**Task item**
In the records that follow, find the line with "初年度登録 | R3年05月 |"; from there, retype every line exactly through the line with "ROYAL CANIN® Yorkshire", which also belongs to the answer.

**Provided material**
-- -- --

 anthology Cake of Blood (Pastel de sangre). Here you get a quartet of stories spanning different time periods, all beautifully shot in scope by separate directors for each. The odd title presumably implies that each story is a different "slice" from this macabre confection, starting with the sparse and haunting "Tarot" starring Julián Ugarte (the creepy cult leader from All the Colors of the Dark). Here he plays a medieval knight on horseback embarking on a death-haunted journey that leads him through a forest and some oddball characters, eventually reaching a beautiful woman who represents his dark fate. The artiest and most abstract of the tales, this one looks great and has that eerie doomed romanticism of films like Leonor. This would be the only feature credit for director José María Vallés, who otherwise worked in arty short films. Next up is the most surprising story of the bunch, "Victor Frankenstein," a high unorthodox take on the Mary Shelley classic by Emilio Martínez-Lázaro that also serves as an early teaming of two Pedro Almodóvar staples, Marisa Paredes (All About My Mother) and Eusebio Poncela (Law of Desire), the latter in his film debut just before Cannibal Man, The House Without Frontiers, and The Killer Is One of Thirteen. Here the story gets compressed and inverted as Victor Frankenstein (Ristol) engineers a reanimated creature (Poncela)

-- -- --

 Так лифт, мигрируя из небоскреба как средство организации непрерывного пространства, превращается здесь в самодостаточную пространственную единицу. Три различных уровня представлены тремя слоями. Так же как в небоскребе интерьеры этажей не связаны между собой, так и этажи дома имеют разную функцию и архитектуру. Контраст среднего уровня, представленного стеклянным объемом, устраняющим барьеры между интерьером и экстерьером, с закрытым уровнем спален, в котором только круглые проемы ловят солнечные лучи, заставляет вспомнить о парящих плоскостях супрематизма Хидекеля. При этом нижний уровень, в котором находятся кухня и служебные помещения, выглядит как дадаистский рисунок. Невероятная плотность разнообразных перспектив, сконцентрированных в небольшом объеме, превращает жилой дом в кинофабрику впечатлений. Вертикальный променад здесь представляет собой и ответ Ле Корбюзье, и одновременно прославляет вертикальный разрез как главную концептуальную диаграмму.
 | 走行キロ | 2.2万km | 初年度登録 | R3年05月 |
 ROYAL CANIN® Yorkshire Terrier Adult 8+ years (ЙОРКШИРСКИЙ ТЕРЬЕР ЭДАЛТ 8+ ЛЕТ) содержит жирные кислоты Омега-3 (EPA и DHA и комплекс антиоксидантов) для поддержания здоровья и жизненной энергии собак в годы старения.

-- -- --

**Result of the exercise**
 | 走行キロ | 2.2万km | 初年度登録 | R3年05月 |
 ROYAL CANIN® Yorkshire Terrier Adult 8+ years (ЙОРКШИРСКИЙ ТЕРЬЕР ЭДАЛТ 8+ ЛЕТ) содержит жирные кислоты Омега-3 (EPA и DHA и комплекс антиоксидантов) для поддержания здоровья и жизненной энергии собак в годы старения.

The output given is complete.